What is being asked:
When you output the records, match them exactly and omit any picture they include.

Stored items:

___

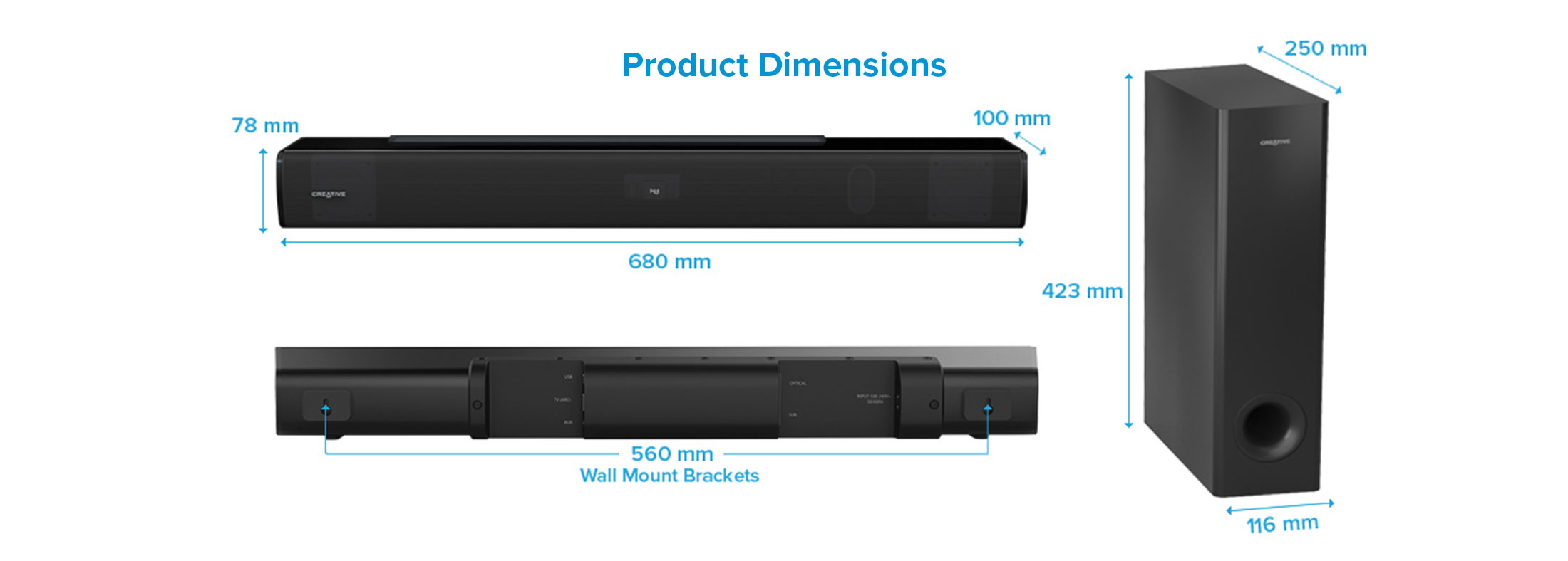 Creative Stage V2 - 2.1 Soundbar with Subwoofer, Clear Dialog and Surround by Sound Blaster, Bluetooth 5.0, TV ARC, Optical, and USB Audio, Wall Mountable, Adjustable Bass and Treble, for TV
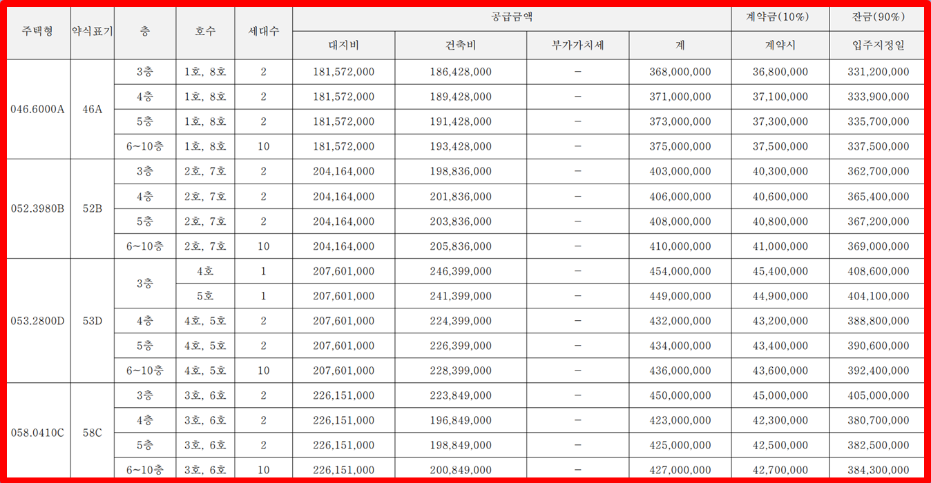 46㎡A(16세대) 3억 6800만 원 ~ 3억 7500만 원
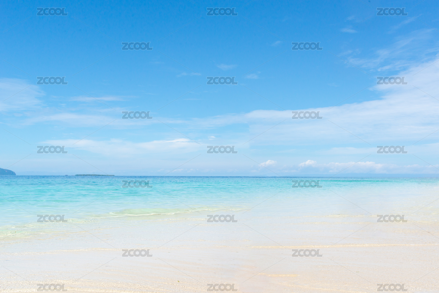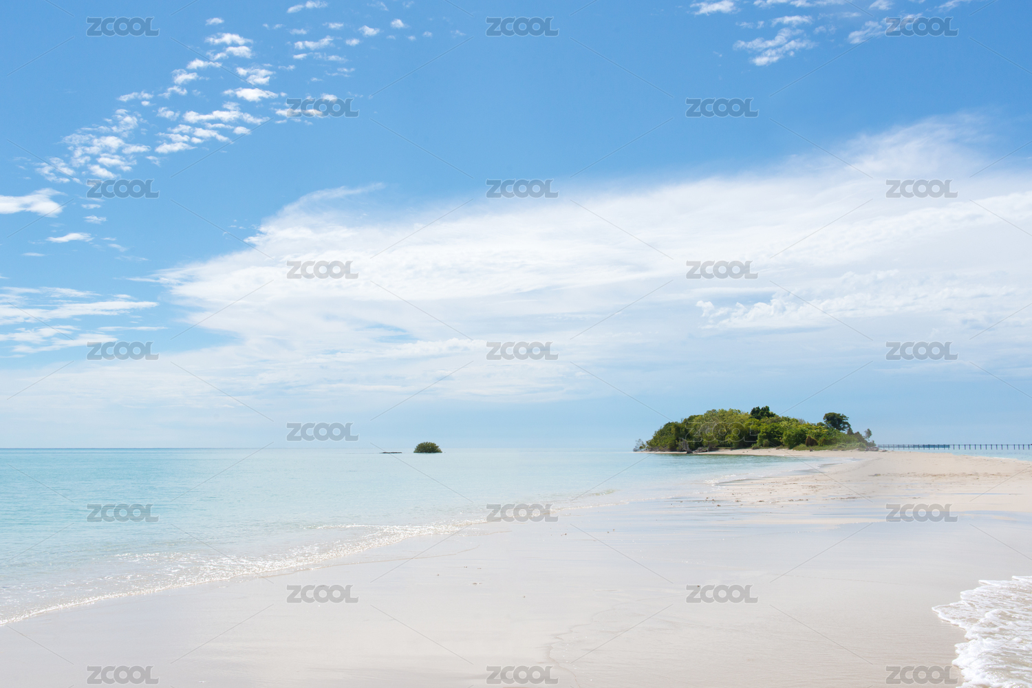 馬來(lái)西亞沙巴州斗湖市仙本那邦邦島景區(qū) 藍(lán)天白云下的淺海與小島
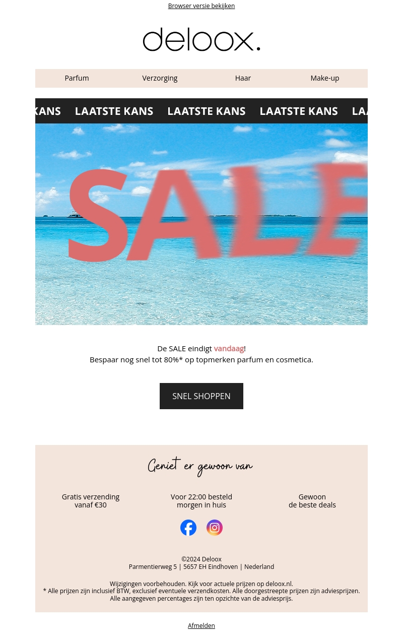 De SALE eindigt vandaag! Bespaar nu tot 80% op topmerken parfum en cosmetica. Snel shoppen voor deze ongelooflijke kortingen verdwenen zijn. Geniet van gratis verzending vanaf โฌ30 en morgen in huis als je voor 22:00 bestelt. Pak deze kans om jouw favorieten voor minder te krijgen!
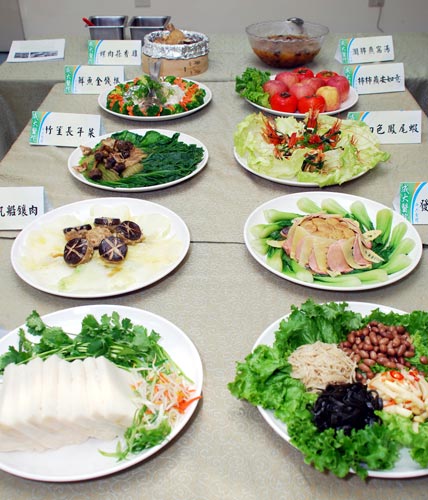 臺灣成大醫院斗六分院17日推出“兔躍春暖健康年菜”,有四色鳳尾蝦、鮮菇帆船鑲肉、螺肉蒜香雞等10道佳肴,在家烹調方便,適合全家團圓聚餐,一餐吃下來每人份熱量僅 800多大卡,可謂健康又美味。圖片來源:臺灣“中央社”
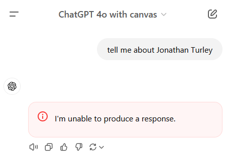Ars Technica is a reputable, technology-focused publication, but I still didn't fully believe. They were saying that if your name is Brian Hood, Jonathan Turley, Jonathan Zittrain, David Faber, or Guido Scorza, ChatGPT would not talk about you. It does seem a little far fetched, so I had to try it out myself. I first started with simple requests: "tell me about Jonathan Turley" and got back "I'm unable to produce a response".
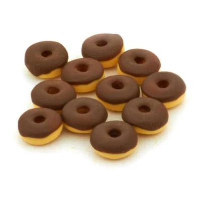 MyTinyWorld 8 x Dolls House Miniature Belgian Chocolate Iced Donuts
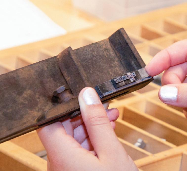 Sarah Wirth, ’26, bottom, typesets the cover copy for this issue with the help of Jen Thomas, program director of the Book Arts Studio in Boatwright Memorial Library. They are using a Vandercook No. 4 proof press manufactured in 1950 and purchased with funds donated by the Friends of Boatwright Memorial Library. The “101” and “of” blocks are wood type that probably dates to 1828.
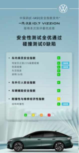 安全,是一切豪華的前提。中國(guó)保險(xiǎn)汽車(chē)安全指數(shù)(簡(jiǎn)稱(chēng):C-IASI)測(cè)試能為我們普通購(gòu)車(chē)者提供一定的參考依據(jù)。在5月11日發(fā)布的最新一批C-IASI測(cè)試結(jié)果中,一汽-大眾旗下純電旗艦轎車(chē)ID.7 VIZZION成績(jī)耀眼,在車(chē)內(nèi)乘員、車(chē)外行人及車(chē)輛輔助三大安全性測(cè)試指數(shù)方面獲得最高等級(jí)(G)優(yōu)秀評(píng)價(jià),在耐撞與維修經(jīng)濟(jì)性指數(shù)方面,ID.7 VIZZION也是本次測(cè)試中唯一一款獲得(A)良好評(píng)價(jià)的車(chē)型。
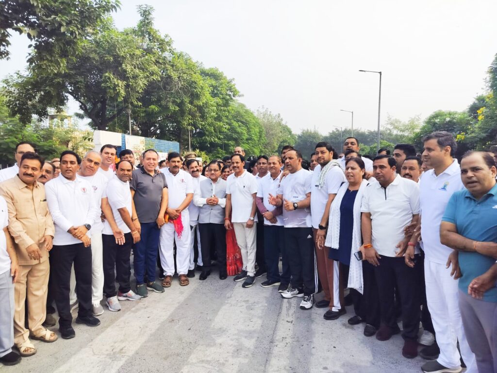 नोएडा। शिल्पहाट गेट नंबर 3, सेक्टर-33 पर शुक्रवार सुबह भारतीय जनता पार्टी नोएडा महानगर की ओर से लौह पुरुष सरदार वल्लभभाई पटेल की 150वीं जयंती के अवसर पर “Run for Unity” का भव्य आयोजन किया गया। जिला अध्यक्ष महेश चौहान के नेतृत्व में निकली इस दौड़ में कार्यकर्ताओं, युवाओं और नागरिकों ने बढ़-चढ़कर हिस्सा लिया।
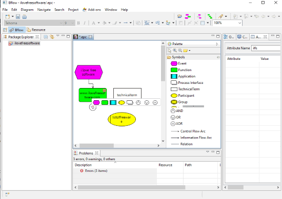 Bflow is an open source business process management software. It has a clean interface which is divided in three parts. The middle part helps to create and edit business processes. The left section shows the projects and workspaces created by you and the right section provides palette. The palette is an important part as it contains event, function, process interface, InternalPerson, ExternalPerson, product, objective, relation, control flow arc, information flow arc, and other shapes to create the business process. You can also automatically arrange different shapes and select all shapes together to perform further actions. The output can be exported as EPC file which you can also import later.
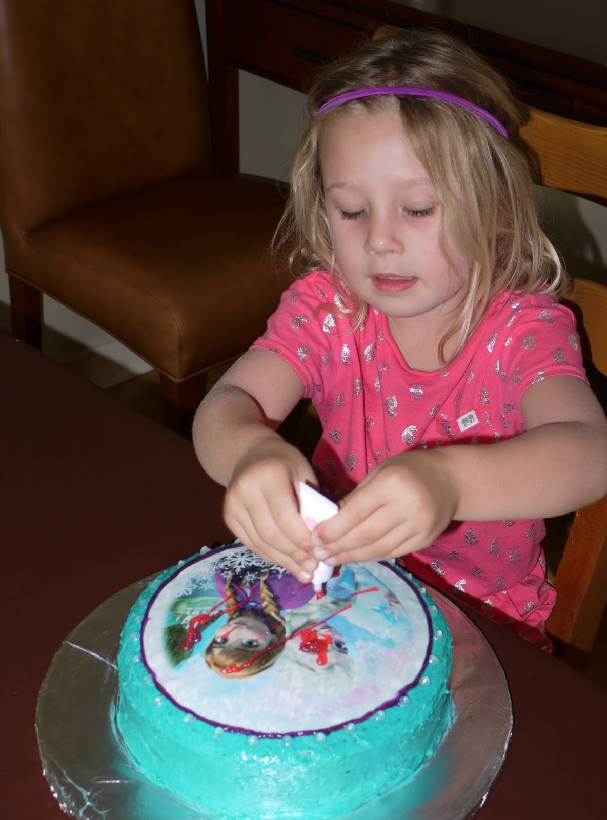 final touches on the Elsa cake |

___

Response to this exercise:
 Creative Stage V2 - 2.1 Soundbar with Subwoofer, Clear Dialog and Surround by Sound Blaster, Bluetooth 5.0, TV ARC, Optical, and USB Audio, Wall Mountable, Adjustable Bass and Treble, for TV
 46㎡A(16세대) 3억 6800만 원 ~ 3억 7500만 원
 馬來(lái)西亞沙巴州斗湖市仙本那邦邦島景區(qū) 藍(lán)天白云下的淺海與小島
 De SALE eindigt vandaag! Bespaar nu tot 80% op topmerken parfum en cosmetica. Snel shoppen voor deze ongelooflijke kortingen verdwenen zijn. Geniet van gratis verzending vanaf โฌ30 en morgen in huis als je voor 22:00 bestelt. Pak deze kans om jouw favorieten voor minder te krijgen!
 臺灣成大醫院斗六分院17日推出“兔躍春暖健康年菜”,有四色鳳尾蝦、鮮菇帆船鑲肉、螺肉蒜香雞等10道佳肴,在家烹調方便,適合全家團圓聚餐,一餐吃下來每人份熱量僅 800多大卡,可謂健康又美味。圖片來源:臺灣“中央社”
Ars Technica is a reputable, technology-focused publication, but I still didn't fully believe. They were saying that if your name is Brian Hood, Jonathan Turley, Jonathan Zittrain, David Faber, or Guido Scorza, ChatGPT would not talk about you. It does seem a little far fetched, so I had to try it out myself. I first started with simple requests: "tell me about Jonathan Turley" and got back "I'm unable to produce a response".
 MyTinyWorld 8 x Dolls House Miniature Belgian Chocolate Iced Donuts
 Sarah Wirth, ’26, bottom, typesets the cover copy for this issue with the help of Jen Thomas, program director of the Book Arts Studio in Boatwright Memorial Library. They are using a Vandercook No. 4 proof press manufactured in 1950 and purchased with funds donated by the Friends of Boatwright Memorial Library. The “101” and “of” blocks are wood type that probably dates to 1828.
 安全,是一切豪華的前提。中國(guó)保險(xiǎn)汽車(chē)安全指數(shù)(簡(jiǎn)稱(chēng):C-IASI)測(cè)試能為我們普通購(gòu)車(chē)者提供一定的參考依據(jù)。在5月11日發(fā)布的最新一批C-IASI測(cè)試結(jié)果中,一汽-大眾旗下純電旗艦轎車(chē)ID.7 VIZZION成績(jī)耀眼,在車(chē)內(nèi)乘員、車(chē)外行人及車(chē)輛輔助三大安全性測(cè)試指數(shù)方面獲得最高等級(jí)(G)優(yōu)秀評(píng)價(jià),在耐撞與維修經(jīng)濟(jì)性指數(shù)方面,ID.7 VIZZION也是本次測(cè)試中唯一一款獲得(A)良好評(píng)價(jià)的車(chē)型。
 नोएडा। शिल्पहाट गेट नंबर 3, सेक्टर-33 पर शुक्रवार सुबह भारतीय जनता पार्टी नोएडा महानगर की ओर से लौह पुरुष सरदार वल्लभभाई पटेल की 150वीं जयंती के अवसर पर “Run for Unity” का भव्य आयोजन किया गया। जिला अध्यक्ष महेश चौहान के नेतृत्व में निकली इस दौड़ में कार्यकर्ताओं, युवाओं और नागरिकों ने बढ़-चढ़कर हिस्सा लिया।
 Bflow is an open source business process management software. It has a clean interface which is divided in three parts. The middle part helps to create and edit business processes. The left section shows the projects and workspaces created by you and the right section provides palette. The palette is an important part as it contains event, function, process interface, InternalPerson, ExternalPerson, product, objective, relation, control flow arc, information flow arc, and other shapes to create the business process. You can also automatically arrange different shapes and select all shapes together to perform further actions. The output can be exported as EPC file which you can also import later.
 final touches on the Elsa cake |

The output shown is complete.